Lorsqu'il écrivait un roman, Georges Simenon lissait ses phrases à l'infini, traquant les tournures difficiles et les imparfaits du subjonctif. Pascal Quignard, qui enveloppe les personnages de Villa Amalia de brumes toutes simenoniennes, ne souffrirait sans doute pas un si cruel usage du polissoir. Ce serait dépouiller son style de coquetteries qui en sont la matière. Ainsi l'oxymore marqueté dans une surprenante alternance imparfait/passé simple : «Il poussait une grille. Je m'approchai. Je m'approchais vite et lentement.» L'énumération chargée d'exprimer la saturation : «... les hommes égoïstes, libidineux, autoritaires, peureux, misérables». La maxime chère aux classiques : «Qu'est-ce qu'un homme sentimental ? Quelqu'un qui adore ne pas manger.»
Cousu d'audaces qui raviront l'amateur de procédés littéraires, Villa Amalia n'a cependant rien des textes érudits que l'auteur a quelquefois donnés à ses lecteurs.
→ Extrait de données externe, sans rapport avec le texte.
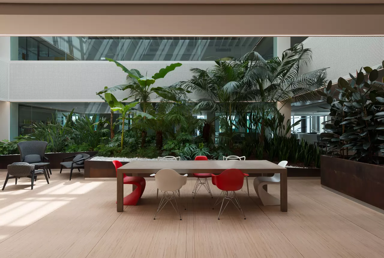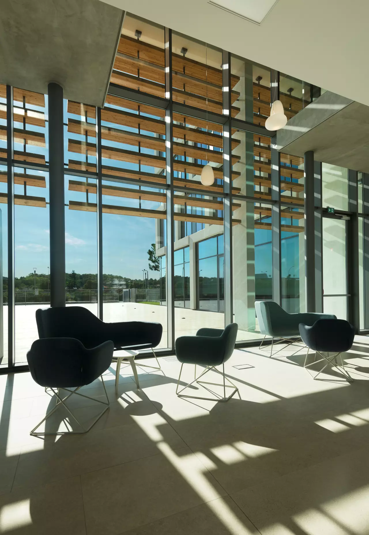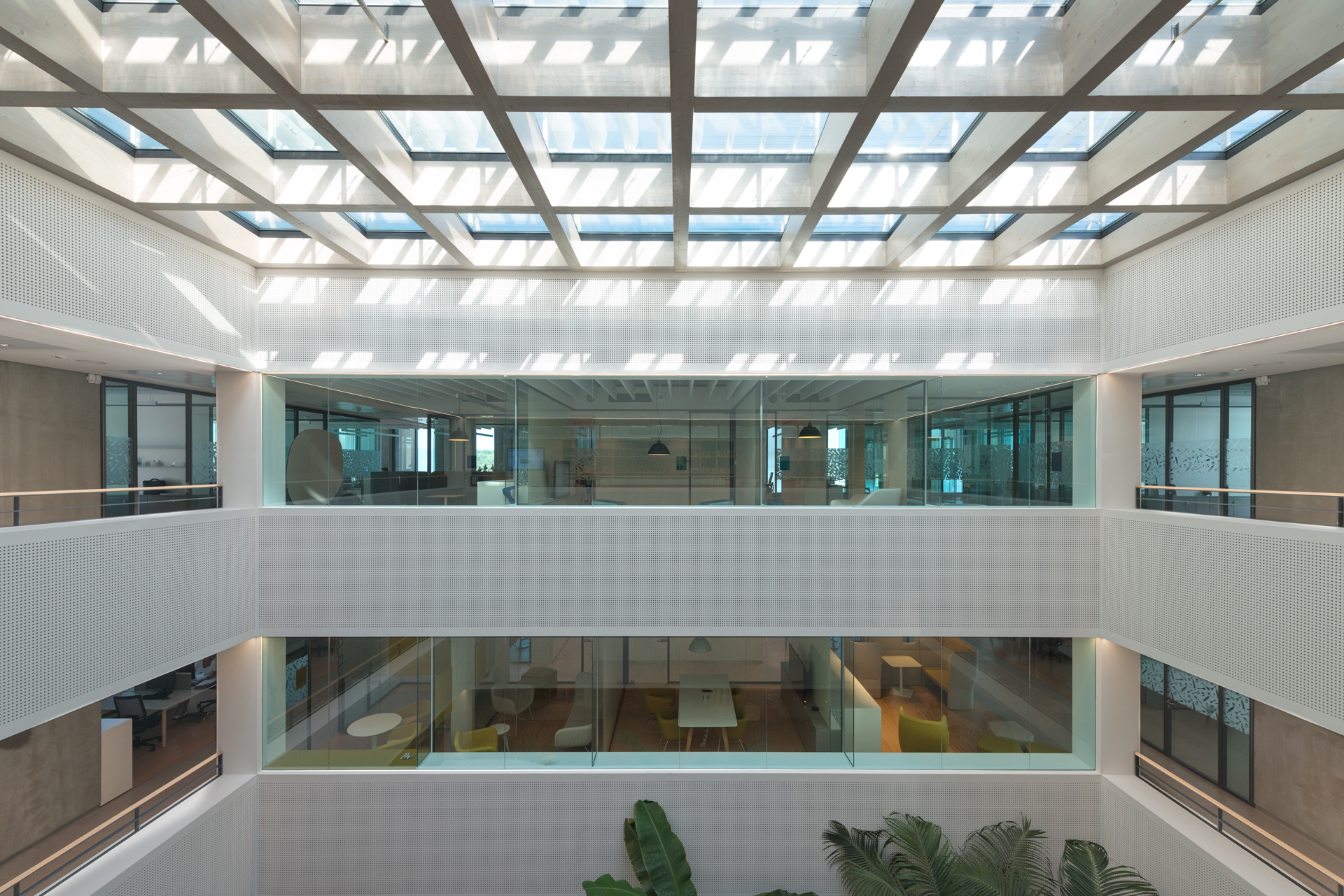 On the upper floors, the workspaces are organised around a central atrium, creating a bright atmosphere and enabling cross-level visual connections.
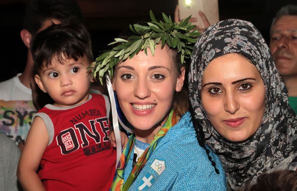Ανάμεσά τους και πρόσφυγες – άνδρες, γυναίκες και παιδιά – από τη Συρία που έχουν καταλύσει στην Δράμα, οι οποίοι ζήτησαν από την Ελληνίδα Ολυμπιονίκη να φωτογραφηθούν μαζί της.
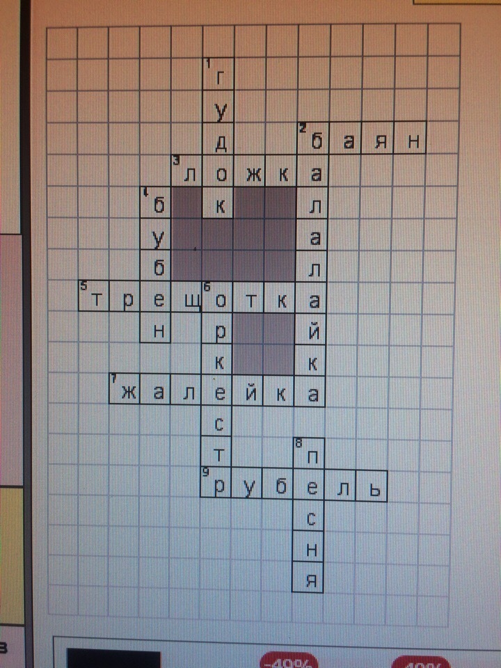 5. Русский народный ударный музыкальный инструмент, состоящий из тонких дощечек, соединённых между собой плотной верёвкой, продетой в отверстия верхней части дощечек. Издает звук, похожий на треск.

C'est un livre très narratif, par lequel on se laisse happer comme par un roman policier... Dès les premières pages de Villa Amalia, on sent qu'il va y avoir de la peur, des trahisons, du désespoir, de la peine, de la folie, des morts, des châtiments...
«Toute vie est un processus de décomposition», écrivait certain romancier américain qui vécut à Paris dans les années 1920. L'écriture de Pascal Quignard s'emploie à le faire sentir sans que l'écrivain ait à le dire. A mesure que progresse son histoire, les phrases deviennent plus courtes, les paragraphes plus brefs. Aucun monologue intérieur, nulle introspection filandreuse. Les personnages ne s'inspectent pas, ils agissent. Les dialogues sans apprêt disent l'incommunicabilité des consciences....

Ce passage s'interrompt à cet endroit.